Ich will also nur ohne alle geographische und statistische Nachrichten erzählen, daß ich zuerst Deutschland, mein geliebtes Vaterland, durchreiste. Man könnte mich am Ende für einen gefährlichen Menschen halten, wenn ich von diesem Lande nicht alles Gute sagte und darum will ich lieber gar nichts davon sagen.

In Frankreich mißfielen mir die Reichen und jammerten mich die Armen: vor lauter bon ton konnte man mit niemand umgehn. Ich hielt mich aber doch ziemlich lange in diesem Lande auf, weil es mir im ganzen außerordentlich gefiel.

Daß ich mich verleiten ließ, über die Pyrenäen zu gehn, um dem altfränkischen, rechtgläubigen, hausmütterlich faulen Spanien einen Besuch abzustatten, mag mir der Himmel vergeben, denn es gereut mich noch am heutigen Tage. Ich war in einer unaufhörlichen Angst vor der heiligen Inquisition; ein paarmal ward ich auf der öffentlichen Landstraße beraubt, und zwar von denselben Leuten, die ich für mein Geld angenommen hatte, um mich gegen Räuber zu schützen.

In Italien hatte ich mancherlei Abenteuer, die aber zu weitläuftig sind, als daß ich sie hier erzählen könnte. Von den Antiken habe ich viel gelitten; ich ließ mir zum Unglücke einfallen, ein Kunstkenner zu werden, und da bin ich um vieles Geld betrogen worden. Eine Menge ganz moderne Antiken stehn noch immer in meinem Studierzimmer und predigen mir unaufhörlich die Wahrheit: »Was deines Amts nicht ist, da laß deinen Fürwitz!« – Indessen, was hätte ich auch Großes damit anfangen können, wenn alle die Onyxe und Carniole, die ich besitze, nun auch wirklich unter August oder Tiber geschnitten wären? Sie kommen mir jedesmal, wenn ich sie betrachte, recht niedlich vor, und so habe ich ihnen denn den Fehler, für den sie gar nicht können, vergeben: daß nämlich das Altertum nicht an ihnen klebt. – Doch betrachte ich einen schöngeschnittenen Käfer immer mit einer vorzüglichen Ehrfurcht, weil ich von diesem glaube, daß er echt ist: er hat vielleicht vor zweitausend Jahren einmal an einer ägyptischen Kinderklapper seine Rolle gespielt. – In Neapel wär ich fast erstochen worden, weil man eifersüchtig auf mich war, doch kam ich durch einen Zufall noch mit dem Leben davon: oh, der Zufall ist ein herrliches Ding, ihm hat der Leser diese ganze Geschichte zu danken, denn wäre ich in Neapel erstochen worden, so hätte ich höchstens ein Gespräch im Reiche der Toten schreiben können, und die sind jetzt aus der Mode gekommen.

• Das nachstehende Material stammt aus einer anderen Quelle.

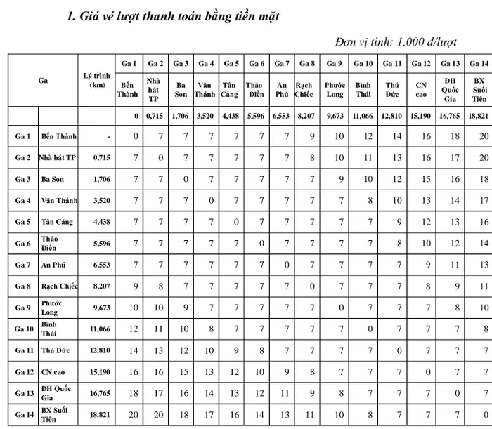 Giá vé trên đã bao gồm bảo hiểm thân thể hành khách sử dụng dịch vụ vận tải hành khách công cộng bằng tàu điện trên tuyến đường sắt đô thị số 1 Bến Thành – Suối Tiên.

Ich reiste über Frankreich zurück und von da nach England. Die ganze Insel ist voll von seltsamen Leuten, ein gutes Volk und ein böses, je nachdem man es gerade trifft, oder macht; phlegmatisch und voll Enthusiasmus. – Ich besah alle Merkwürdigkeiten des Landes, aber nirgends schlug in mir mein Herz so hoch und so ungestüm, als in dem Hause, in welchem Shakespeare geboren ist. Ich sah im Geiste den großen Sterblichen dort durch die Zimmer gehn; ich belauschte ihn bei seinen Arbeiten, die seiner Feder entflossen zu sein schienen, ohne daß er selbst ihr hohes Gepräge, ihre Göttlichkeit geahndet hat. – Es gab mir einen Stich ins Herz, als ich vor der Kirche in Stratford vorbeiging, in welcher seine Asche ruht, daß auch er, wie der Elendeste seines Geschlechts, durch das Leben hat hindurchgehen müssen, ohne daß wir es begreifen können, wohin er gegangen ist.

Ich wollte nicht weiter nach Norden reisen, weil ich einen großen Abscheu vor dem Froste habe; ich beschloß also, in mein Vaterland zurückzukehren.

Allenthalben machte ich die Erfahrungen, die Scarmentado auf seinen Reisen gemacht hat. Es ist also überflüssig, wenn ich noch ein Wort über meine Wanderungen sage.